## Exercise
When the data below is printed, every line must match exactly and the images must be absent.
-------- Input data --------
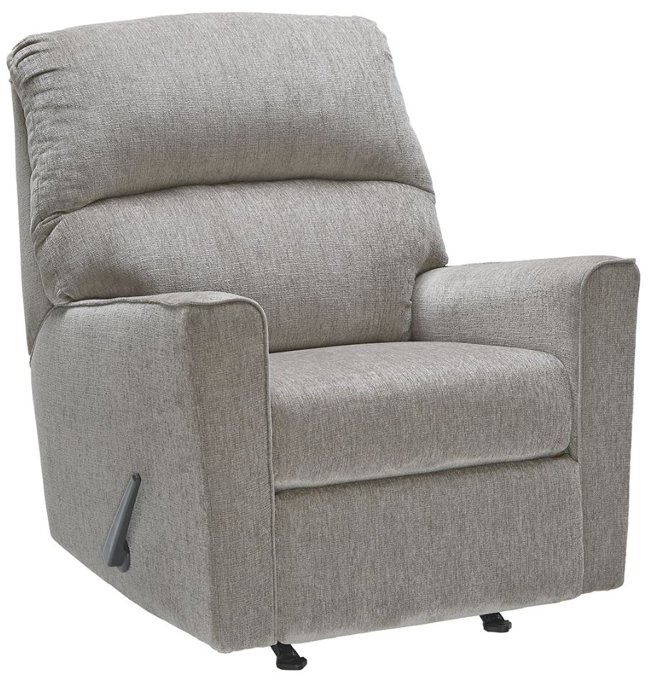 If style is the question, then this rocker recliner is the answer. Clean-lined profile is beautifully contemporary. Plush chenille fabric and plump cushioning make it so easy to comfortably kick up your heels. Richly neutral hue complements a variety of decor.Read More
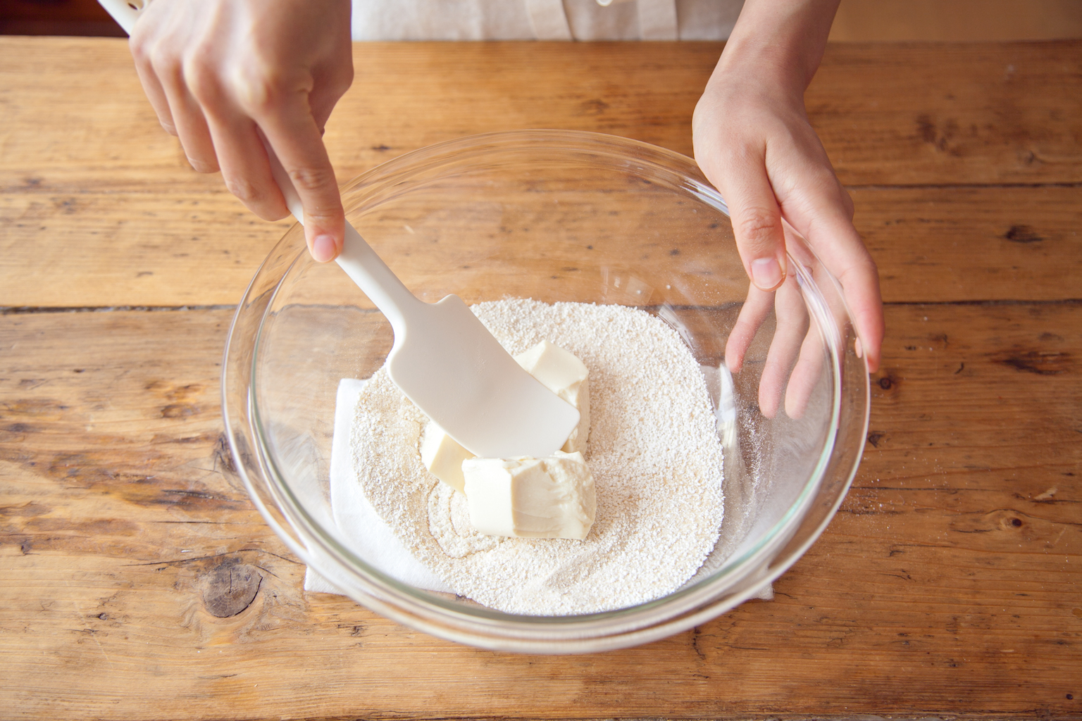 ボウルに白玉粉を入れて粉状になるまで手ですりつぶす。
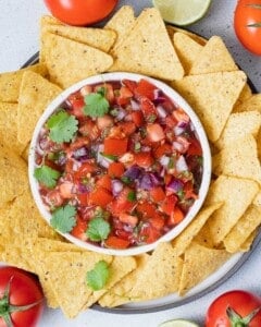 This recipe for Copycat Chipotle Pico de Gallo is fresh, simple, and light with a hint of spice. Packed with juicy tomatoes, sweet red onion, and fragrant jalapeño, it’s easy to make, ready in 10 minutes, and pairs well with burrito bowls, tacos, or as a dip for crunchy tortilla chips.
--------
## Finished exercise
 If style is the question, then this rocker recliner is the answer. Clean-lined profile is beautifully contemporary. Plush chenille fabric and plump cushioning make it so easy to comfortably kick up your heels. Richly neutral hue complements a variety of decor.Read More
 ボウルに白玉粉を入れて粉状になるまで手ですりつぶす。
 This recipe for Copycat Chipotle Pico de Gallo is fresh, simple, and light with a hint of spice. Packed with juicy tomatoes, sweet red onion, and fragrant jalapeño, it’s easy to make, ready in 10 minutes, and pairs well with burrito bowls, tacos, or as a dip for crunchy tortilla chips.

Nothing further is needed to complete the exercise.